Starting at the line that contains "No Google doodle for Bill Finger. That’s", return every line through the end of the data exactly, without pictures.
-=-=-
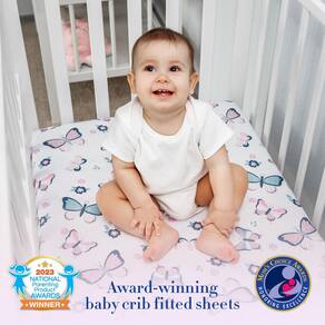 My Little Zone - O conjunto de cama de berço borboleta é projetado na França com lindas borboletas rosa e azuis e flores brancas espalhadas em um padrão de fundo rosa. Com seu charmoso tema de flor, é perfeito para qualquer berçário de menina e decoração de berçário rosa. O conjunto de cama de berço de borboleta de 5 peças inclui 2 lençóis de berço (71 x 132 cm com um bolso profundo de 20 cm), um cobertor de borboleta para meninas (107 x 83 cm), uma saia de berço (33 cm de comprimento) e decalque de parede de borboleta (170 x 90 cm), que é um adesivos de parede perfeitos para meninas quarto. Cada peça do nosso conjunto de cama de berçário para meninas é feita de algodão de alta qualidade para garantir um ambiente de sono confortável e saudável para o berçário. Ao contrário das fibras sintéticas que retêm o calor e a umidade, o algodão respira bem e ajuda a regular a temperatura, garantindo que seu bebê permaneça aconchegante sem superaquecimento dentro dos cobertores de bebê para meninas e lençóis de berço. Em nossos conjuntos de berço para meninas, cada um dos dois lençóis de berço para meninas, um adornado com um padrão de borboleta e o outro com um padrão floral, é feito de algodão de alta qualidade. Estes lençóis de berço para meninas garantem um ajuste seguro em um colchão de berço de tamanho padrão com seu elástico premium, oferecendo elasticidade extra em toda a volta. A saia de berço rosa com babados e o charmoso decalque de parede de borboleta complementam perfeitamente o visual da decoração da parede do seu bebê. Complete o visual do quarto do seu bebê com este conjunto de cama de berço de borboleta elegante e bem embalado para meninas, que também é um presente atencioso para decorações de chá de bebê, aniversários e feriados. Melhore o ambiente geral do berçário de bebês combinando com outras coisas de borboleta da Butterfly Bedding Collection, como cestas de armazenamento para crianças ou capas de trocador de borboletas que complementam perfeitamente este conjunto de cama de berçário. - MATERIAL: Nosso conjunto de cama para berço é feito de algodão qualificado que oferece tecido respirável e absorvente. Este material premium garante um ambiente de sono saudável no conjunto de cama de bebê para meninas e meninos. - Fácil de cuidar: o conjunto de cama de berço borboleta para meninas é lavável na máquina e durável. Este conjunto de cama de berço branco e rosa para meninas é projetado para suportar sem desbotar a cor com lavagens regulares. - Tamanho: o conjunto de edredom de berço de ajuste aprimorado para meninas é compatível com berços de 132 x 71 cm, como Essex, Heartland, Graco, Emery, Chelsea Bellport e muito mais. - Projetado na França: Conjunto de cama de berço de borboleta para meninas projetado com um tema de flor branco-rosa. Este conjunto de berço é um dos melhores presentes para chá de bebê, revelação de gênero e muito mais. - O pacote inclui: O conjunto de cama de berço borboleta para meninas é bem embalado com uma bolsa de PVC de alta qualidade, que inclui 5 peças: 2 lençóis de berço (71 x 132 cm com um bolso profundo de 20 cm), um cobertor de bebê menina (106,7 x 83,8 cm), saia de berço rosa (33 cm de comprimento) e decalque de parede de borboleta (170 cm). 2 cm x 90 cm 2 cm).
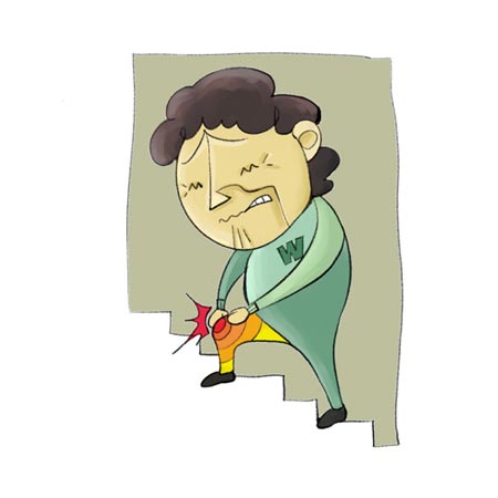 또한 계단을 내려올 때 무릎 앞쪽이 시큰거리는 통증이 느껴진다면 슬개골의 연골연화증을 의심할 수 있다. 가급적 계단을 피하고 의자에 앉아 TV를 보면서도 무릎을 구부렸다 펴는 대퇴사두근 근력강화운동이 도움이 된다.
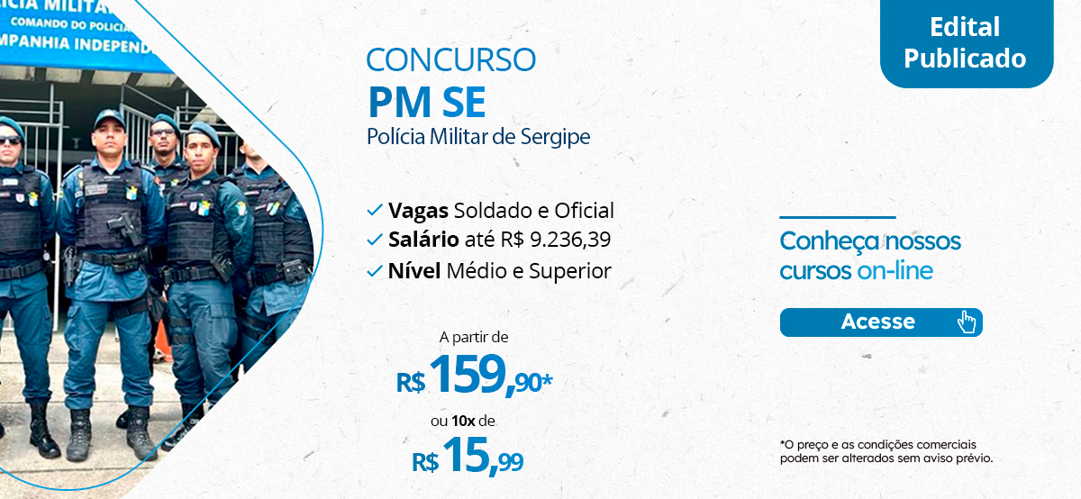Foi publicado o Edital do aguardado novo Concurso PM SE (Polícia Militar de Sergipe)! Com 335 vagas para Soldado e Oficial, de Nível Médio e Superior, este concurso oferece salário atrativo de até R$ 9.236,39.
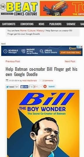 No Google doodle for Bill Finger. That’s busted.So, wait, not only did we not get a Bill Finger Google Doodle, but there wasn’t even ANY Google Doodle today? That is some Finger luckI guess Google would rather have no doodle than one about the creator of #Batman, Bill Finger. And just when I was happy with them.Given the choice of doing a Google Doodle for Bill Finger or just giving us the finger, it looks like Google opted for the latter?It’s incredibly frustrating that Google didn’t recognize the importance of Bill Finger. So disappointing! Thank you for fighting this good fight & bringing Bill Finger’s story to the world!Shame Google didn’t come through, but in any case it you did a lot of good work putting the word out there.A shame Google didn’t do anything for Bill Finger’s birthdayThat’s truly a shame.I keep checking google just in case #BillFingerDoodle #UnreasonablyOptimisticMy 8th grade students & I are Bill Finger fans! I share your book to inspire them to change the world & follow the truth!Way to drop the ball Google.Happy belated Bill Finger. No Google Doodle for Bill Finger. Still, let’s celebrate the co-creator of Batman (or the Bat-Man).you know this won’t deter batfans, resolve is everything from this point on #justiceforfinger now we go bigger than google!We did not get a Bill Finger Google Doodle today, but he still deserves one, so keep asking for it.
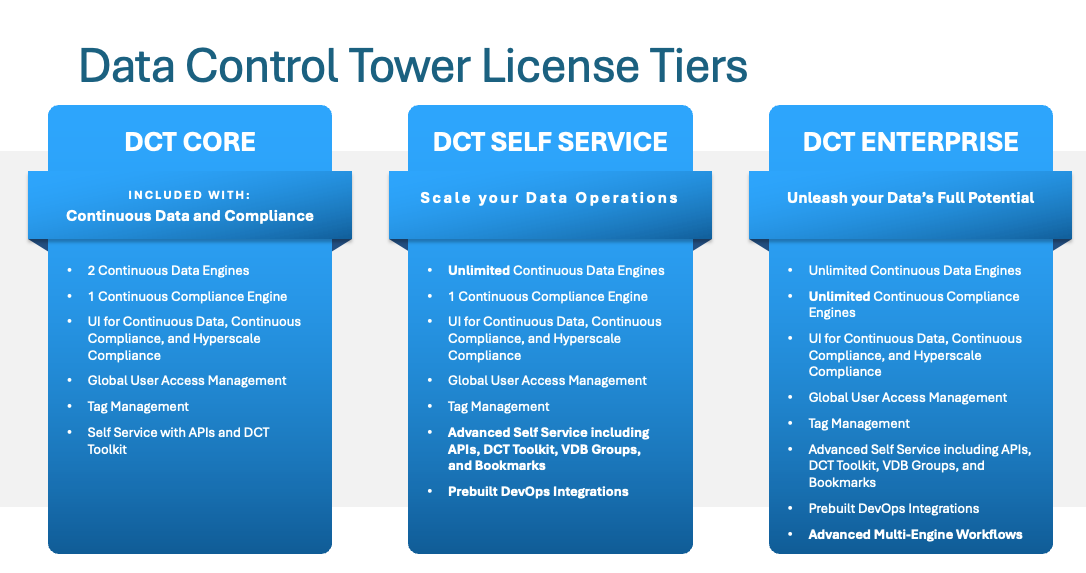 Data Control Tower has three tiers that determine available functionality and enabled use-cases via the DCT UI and API. They are Core, Self Service, and Enterprise, described in detail below.
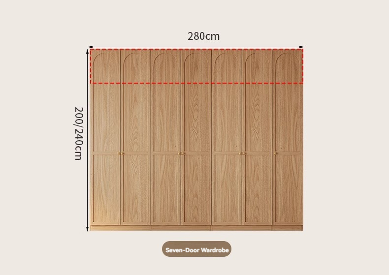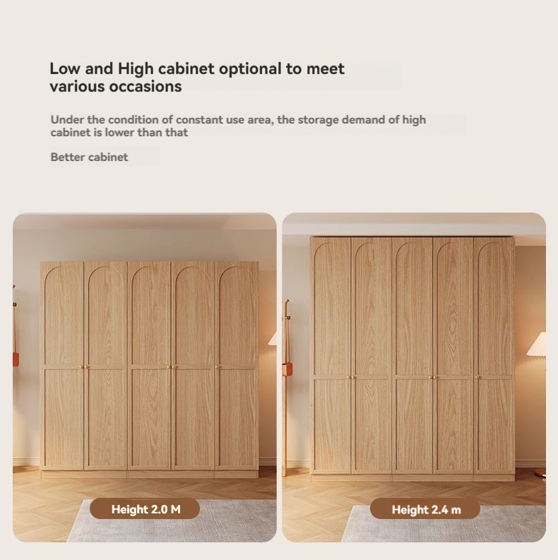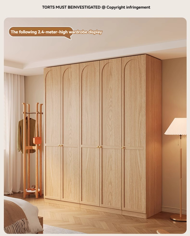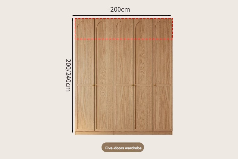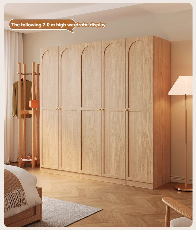[2-meter-high/18MM wooden core board] Five door wardrobe+curved edge cabinet
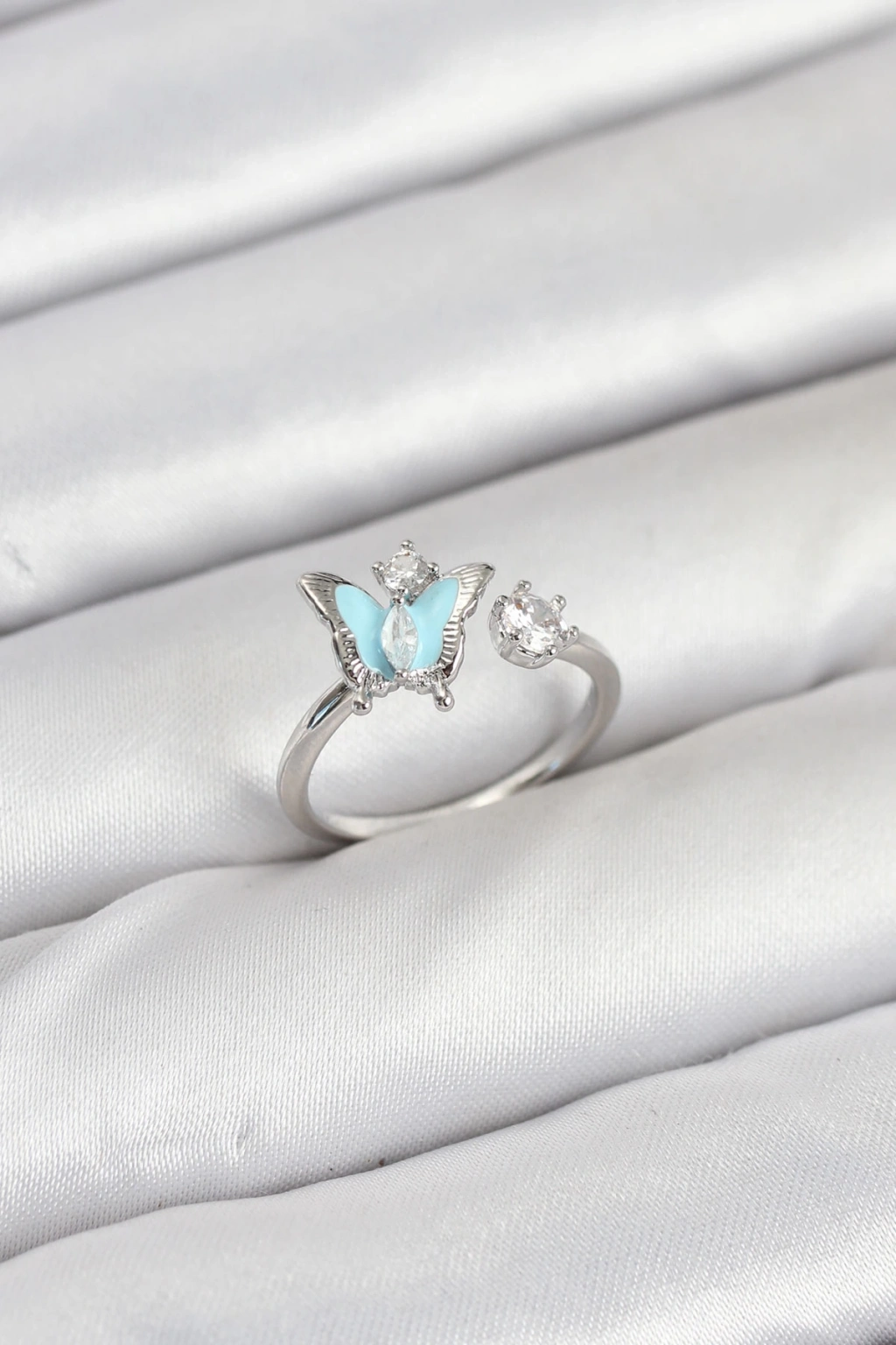 ÇOK SATAN Pirinç Gümüş Renk Kelebek Model Kadın Yüzük
-=-=-
EXERCISE RESPONSE
 No Google doodle for Bill Finger. That’s busted.So, wait, not only did we not get a Bill Finger Google Doodle, but there wasn’t even ANY Google Doodle today? That is some Finger luckI guess Google would rather have no doodle than one about the creator of #Batman, Bill Finger. And just when I was happy with them.Given the choice of doing a Google Doodle for Bill Finger or just giving us the finger, it looks like Google opted for the latter?It’s incredibly frustrating that Google didn’t recognize the importance of Bill Finger. So disappointing! Thank you for fighting this good fight & bringing Bill Finger’s story to the world!Shame Google didn’t come through, but in any case it you did a lot of good work putting the word out there.A shame Google didn’t do anything for Bill Finger’s birthdayThat’s truly a shame.I keep checking google just in case #BillFingerDoodle #UnreasonablyOptimisticMy 8th grade students & I are Bill Finger fans! I share your book to inspire them to change the world & follow the truth!Way to drop the ball Google.Happy belated Bill Finger. No Google Doodle for Bill Finger. Still, let’s celebrate the co-creator of Batman (or the Bat-Man).you know this won’t deter batfans, resolve is everything from this point on #justiceforfinger now we go bigger than google!We did not get a Bill Finger Google Doodle today, but he still deserves one, so keep asking for it.
 Data Control Tower has three tiers that determine available functionality and enabled use-cases via the DCT UI and API. They are Core, Self Service, and Enterprise, described in detail below.
[2-meter-high/18MM wooden core board] Five door wardrobe+curved edge cabinet
 ÇOK SATAN Pirinç Gümüş Renk Kelebek Model Kadın Yüzük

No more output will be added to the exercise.